Dataset entries:

------------------------------------------------------------

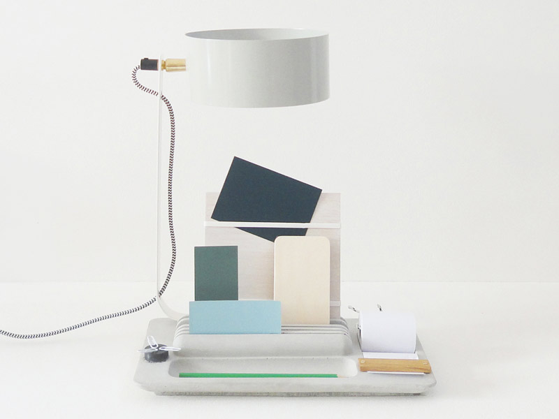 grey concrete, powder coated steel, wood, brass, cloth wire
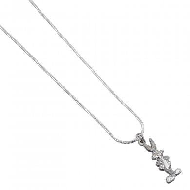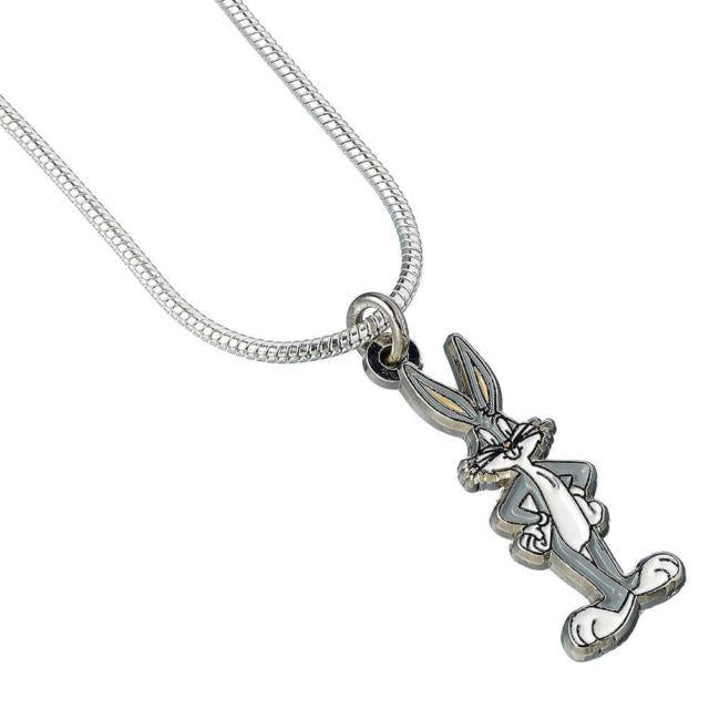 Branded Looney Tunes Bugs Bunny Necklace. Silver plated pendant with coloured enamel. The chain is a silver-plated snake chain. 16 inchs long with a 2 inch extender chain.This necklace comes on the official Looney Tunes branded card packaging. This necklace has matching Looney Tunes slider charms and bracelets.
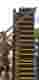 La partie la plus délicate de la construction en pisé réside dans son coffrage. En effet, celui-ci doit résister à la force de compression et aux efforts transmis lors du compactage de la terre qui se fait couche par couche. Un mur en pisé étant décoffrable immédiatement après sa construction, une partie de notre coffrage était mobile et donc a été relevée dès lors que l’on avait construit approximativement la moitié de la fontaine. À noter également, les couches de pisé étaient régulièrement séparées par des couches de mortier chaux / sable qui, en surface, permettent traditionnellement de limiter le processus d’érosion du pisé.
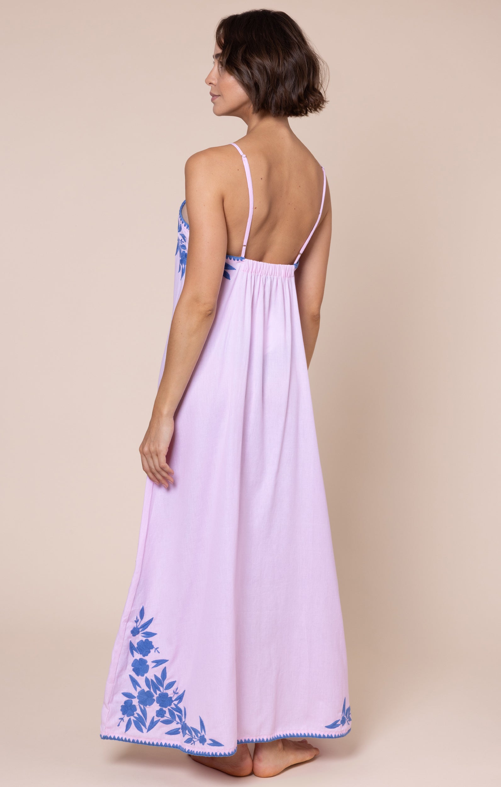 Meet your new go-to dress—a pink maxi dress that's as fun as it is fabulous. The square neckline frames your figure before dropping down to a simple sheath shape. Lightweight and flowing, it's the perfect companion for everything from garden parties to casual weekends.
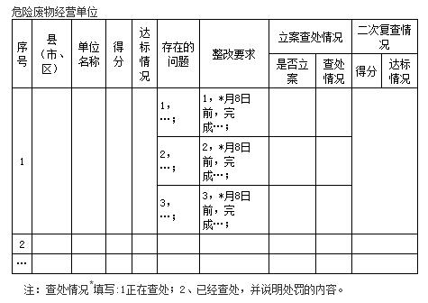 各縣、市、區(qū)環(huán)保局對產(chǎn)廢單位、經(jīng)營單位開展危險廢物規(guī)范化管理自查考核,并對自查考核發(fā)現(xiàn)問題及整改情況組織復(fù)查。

------------------------------------------------------------

Omit every image. Quote each record exactly.

 grey concrete, powder coated steel, wood, brass, cloth wire
 Branded Looney Tunes Bugs Bunny Necklace. Silver plated pendant with coloured enamel. The chain is a silver-plated snake chain. 16 inchs long with a 2 inch extender chain.This necklace comes on the official Looney Tunes branded card packaging. This necklace has matching Looney Tunes slider charms and bracelets.
 La partie la plus délicate de la construction en pisé réside dans son coffrage. En effet, celui-ci doit résister à la force de compression et aux efforts transmis lors du compactage de la terre qui se fait couche par couche. Un mur en pisé étant décoffrable immédiatement après sa construction, une partie de notre coffrage était mobile et donc a été relevée dès lors que l’on avait construit approximativement la moitié de la fontaine. À noter également, les couches de pisé étaient régulièrement séparées par des couches de mortier chaux / sable qui, en surface, permettent traditionnellement de limiter le processus d’érosion du pisé.
 Meet your new go-to dress—a pink maxi dress that's as fun as it is fabulous. The square neckline frames your figure before dropping down to a simple sheath shape. Lightweight and flowing, it's the perfect companion for everything from garden parties to casual weekends.
 各縣、市、區(qū)環(huán)保局對產(chǎn)廢單位、經(jīng)營單位開展危險廢物規(guī)范化管理自查考核,并對自查考核發(fā)現(xiàn)問題及整改情況組織復(fù)查。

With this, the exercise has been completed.